Getting ready to print, here's a selection of plant materials (Japanese maple, coral bell, and geranium leafs, and maple keys). Also wooden dowels - some wrapped in plastic to reduce transfer of colour between processes) and string.



Here are some of my favourite 'found objects' to add to bundles... All of these are iron - you can see that they've been used and carry the rust of prior cooking.




My cotton and linen fabric pieces have been mordanted, dampened, and I've laid out plant materials on two fabric pieces. I spray dampen the fabric before laying out the leafs so that I can increase the contact between the fabric and the plant materials. Sometimes, I use a rolling pin to flatten the leafs to the fabric as thoroughly as possible.




Rolled up and tied as evenly and tightly as possible - ready to go into the pot.
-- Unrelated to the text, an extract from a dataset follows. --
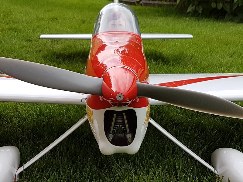 Viele gute manchmal auch nur kleine Detaillösungen wurden berücksichtigt und kontruktiv verwertet, was dabei herauskam, ist ein absolut optimiertes Modell, fast schon ein Mitteldecker mit Kunstflugeigenschaften wie sie heute von guten Piloten gefordert werden. Das Modell ist mit einem 20ccm 4-Takter richtig motorisiert und hat den nötigen Power für alle Figuren. Selbstverst. kann das Modell auch mit 10-15ccm 2-Takt Motoren geflogen werden.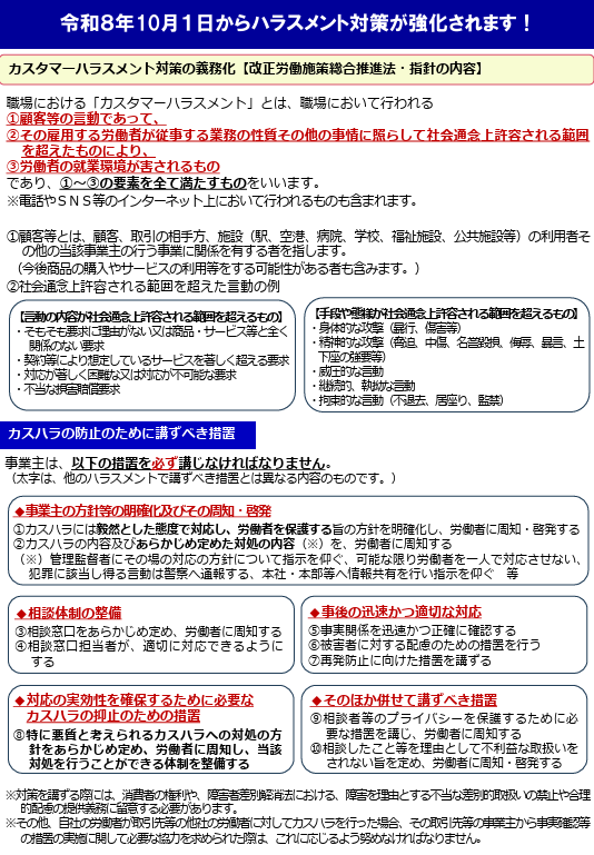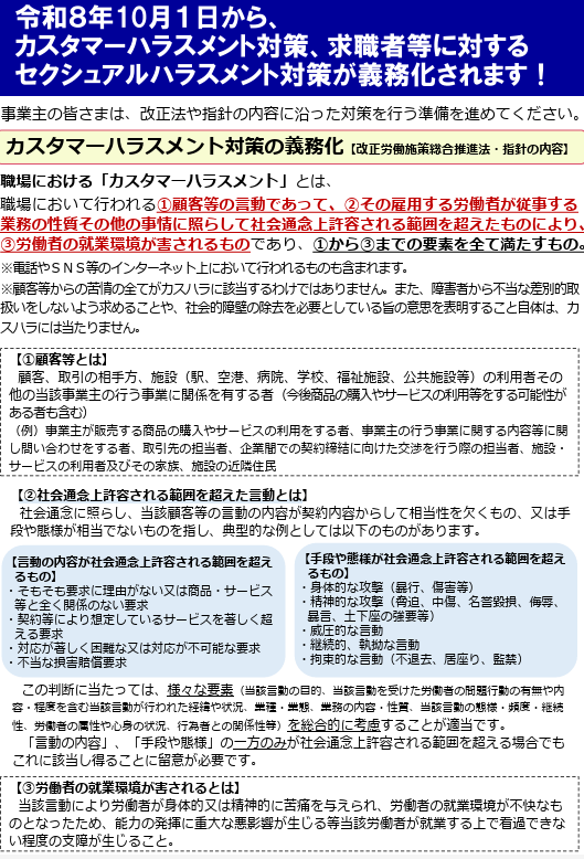 タイトル:令和8年10月1日から、カスタマーハラスメント対策、求職者等に対するセクシュアルハラスメント対策が義務化されます! 発行者:厚生労働省 発行時期:2026年2月 ページ数:6ページ 概要:カスハラと求職者へのセ […]

And I'll also make a bundle in which I will use Japanese maple folded into a triple layer with leafs between each layer.





Now I'll fold the fabric around squares of iron, and add a washer - just to see what it does.




All bundled up, and ready for the pot.




I just purchased this lovely cooking pot from a retiring wool dyer at a flee market - perfect!  It's big enough to handle my longest dowel.  I used this pot for cooking this time, and immersed my bundles in water with an unshelled walnut in in.




For small bundles, I sometime use this handy little steamer. I'm using it here to steam a few pieces that are already eco-printed... seeing if the colours will intensify with more heat.






 Ta daaa - the results of one dowel rolled bundle - in this one, I did not use parchment paper to prevent colour from migrating through the bundle. I like the multiple images of leafs on top of each other - complex and a little chaotic.

 



And here's what came out of the other rolled dowel bundle, in which I used parchment paper to prevent transfer printing. The colours and images are much more subtle, somewhat dreamy to my eye.  It may be that this bundle would have been more intensely coloured with longer cooking (the parchment paper may have slowed up the heating within the bundle).



One more bundle to open - the one with the iron squares.




I like this one - the way the leafs have printed in a bit of a grid, influenced by the metal squares. I'll probably do this again, with a larger piece of linen. I'll omit the washers though :-) 


Bear in mind that colours often change after pieces have dried - they often darken and can intensify.  I like to let pieces dry for a few days, then launder gently in a mild soap, then iron.

So there you have it - back to Judith later this week for more inspiration!















4 comments:

  1. really wonderful prints Janine.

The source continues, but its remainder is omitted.